> **Work to be completed**: There is material below. Print exactly the lines starting at the line with "Hot Kawaii Sanrios" and ending at the line with "A short piece-y", ends included, and no others.

━━━━━ Dataset records ━━━━━

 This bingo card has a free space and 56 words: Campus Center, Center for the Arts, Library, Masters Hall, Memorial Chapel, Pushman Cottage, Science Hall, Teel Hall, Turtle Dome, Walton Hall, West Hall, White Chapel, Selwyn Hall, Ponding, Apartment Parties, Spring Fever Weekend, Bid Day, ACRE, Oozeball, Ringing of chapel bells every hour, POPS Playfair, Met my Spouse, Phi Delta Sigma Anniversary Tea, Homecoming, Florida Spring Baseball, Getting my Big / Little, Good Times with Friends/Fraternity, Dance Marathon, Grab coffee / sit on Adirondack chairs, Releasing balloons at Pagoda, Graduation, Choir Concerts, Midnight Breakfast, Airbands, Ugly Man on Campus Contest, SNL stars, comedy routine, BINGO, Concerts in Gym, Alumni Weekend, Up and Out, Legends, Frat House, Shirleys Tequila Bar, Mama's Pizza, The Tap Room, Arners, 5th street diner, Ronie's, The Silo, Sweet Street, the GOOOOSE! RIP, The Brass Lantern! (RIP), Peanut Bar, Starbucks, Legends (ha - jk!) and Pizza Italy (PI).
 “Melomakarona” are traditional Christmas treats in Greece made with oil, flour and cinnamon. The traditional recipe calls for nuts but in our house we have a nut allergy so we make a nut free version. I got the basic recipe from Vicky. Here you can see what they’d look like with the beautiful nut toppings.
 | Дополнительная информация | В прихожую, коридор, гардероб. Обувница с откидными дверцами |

━━━━━
━━━━━ Dataset records ━━━━━

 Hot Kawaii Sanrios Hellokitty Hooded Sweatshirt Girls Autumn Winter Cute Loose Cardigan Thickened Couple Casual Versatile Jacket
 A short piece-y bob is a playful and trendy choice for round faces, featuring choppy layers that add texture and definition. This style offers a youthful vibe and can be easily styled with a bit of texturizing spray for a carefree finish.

━━━━━

> **Result**:
 Hot Kawaii Sanrios Hellokitty Hooded Sweatshirt Girls Autumn Winter Cute Loose Cardigan Thickened Couple Casual Versatile Jacket
 A short piece-y bob is a playful and trendy choice for round faces, featuring choppy layers that add texture and definition. This style offers a youthful vibe and can be easily styled with a bit of texturizing spray for a carefree finish.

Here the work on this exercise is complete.